The Haldimand Proclamation was a decree that granted land to the Mohawk (or Kanien'kehà:ka) (Mohawk nation) who had served on the British side during the American Revolution. The decree was issued by the Governor of the Province of Quebec, Frederick Haldimand, on October 25, 1784, three days after the Treaty of Fort Stanwix was signed between others of the Six Nations and the American government. The granted land had to be purchased from the Mississaugas of the Credit whose traditional territory spans much of modern-day Southwestern Ontario. On May 22, 1784, Col. John Butler was sent to negotiate the sale of approximately 3,000,000 acres of land located between Lakes Huron, Ontario, and Erie for £1180.00 from the Mississaugas of the Credit. Of the land ceded, some 550,000 acres were granted to the Mohawk nation in the Haldimand Proclamation. The sale by the Mississaugas of the Credit is also referred to as the "Between the Lakes Treaty."

==Proclamation text==

The text of the proclamation reads:

Whereas His Majesty having been pleased to direct that in consideration of the early attachment to his cause manifested by the Mohawk Indians, and of the loss of their settlement which they thereby sustained—that a convenient tract of land under his protection should be chosen as a safe and comfortable retreat for them and others of the Five Nations, who have either lost their settlements within the Territory of the American States, or wish to retire from them to the British—I have at the earnest desire of many of these His Majesty's faithful Allies purchased a tract of land from the Indians situated between the Lakes Ontario, Erie and Huron and I do hereby in His Majesty's name authorize and permit the said Mohawk Nation and such others of the Five Nation Indians as wish to settle in that quarter to take possession of and settle upon the Banks of the River commonly called Ours [Ouse] or Grand River, running into Lake Erie, allotting to them for that purpose six miles deep from each side of the river beginning at Lake Erie and extending in that proportion to the head of the said river, which them and their posterity are to enjoy for ever."

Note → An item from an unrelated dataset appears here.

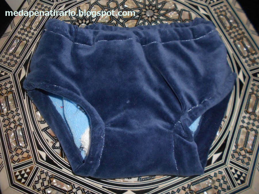 Yo solo puedo ofreceros un prototipo que no se ha usado, pero os puede dar una idea para realizar vuestro propio proyecto de braguita nocturna lavable, con elásticos para permitir la autonomía de niños que se saben bajar los pañales cuando les apetece (2-3 años), y reciclando materiales de andar por casa. No es muy cutre aunque haya sido un trabajo en balde, ¿no?

Given under my hand and seal at arms, at the Castle of St Lewis at Quebec, this twenty-fifth day of October one thousand seven hundred and eighty-four and in the twenty-fifth year of the reign of Our Sovereign Lord George The Third by the Grace of God of Great Britain, France and Ireland, King, Defender of the Faith and so forth.

Fredk Haldimand

By His Excellency's Command

R. Mathews

==Background==

Mohawk Joseph Brant and Guy Johnson, who had been ejected from his post as Superintendent of Indian Affairs a few months before, travelled to London, England, in November 1775, on the eve of the American Revolution, to obtain a promise from the Crown that if the Iroquois fought on the British side, they would obtain a land grant in Canada. During and after the American Revolution, American colonists confiscated land and property from those who were Loyalists during the war. The British government compensated both Indian and non-Indian Loyalists with cash payments for their losses.

By early 1783, Brant had selected the valley of the Grand River as a place of settlement; in 1784 Frederick Haldimand agreed. The land was acquired from the Mississaugas in May 1784, with Lieutenant-Colonel John Butler acting as an agent of purchase on behalf of the government.

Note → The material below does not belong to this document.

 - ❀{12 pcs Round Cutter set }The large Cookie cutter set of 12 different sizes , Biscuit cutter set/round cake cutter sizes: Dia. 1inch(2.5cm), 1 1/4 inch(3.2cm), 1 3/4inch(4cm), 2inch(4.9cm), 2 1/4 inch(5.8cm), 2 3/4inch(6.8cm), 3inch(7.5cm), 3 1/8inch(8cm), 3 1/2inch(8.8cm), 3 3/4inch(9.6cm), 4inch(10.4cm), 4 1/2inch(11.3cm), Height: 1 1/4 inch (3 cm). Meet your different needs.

Later, the Crown adopted the position that it had failed to obtain title to the entire valley at the time of its purchase from the Mississaugas.

==Interpretation==
===Nature of the grant===
On April 26, 1784, Frederick Haldimand wrote:

"The mode of acquiring lands by what is called Deeds of Gift is to be entirely discontinued, for, by the King's instructions, no Private Person, Society, Corporation or colony is capable of acquiring any property in lands belonging to the Indians, either by purchase, or grant or conveyance from the Indians, excepting only where the lands lie within the limits of any colony the soil of which has been vested in Proprietaries or Corporations by grants from the Crown; in which cases such Proprietaries or Corporations only shall be capable of acquiring such property by purchase or grants from the Indians."

Government officials originally interpreted the grant as prohibiting the Indians from leasing or selling the land to anyone but the government. Joseph Brant countered that Haldimand had promised the Indians freehold land tenure equal to that enjoyed by the colony's Loyalist settlers. As freeholders, the Indians could lease or sell land to the highest bidder. In 1793, Lieutenant Governor John Graves Simcoe stated that the Indians could not lease their land since British subjects could lease land only from British subjects. Brant considered the right to lease or sell land as a litmus test for Indian sovereignty.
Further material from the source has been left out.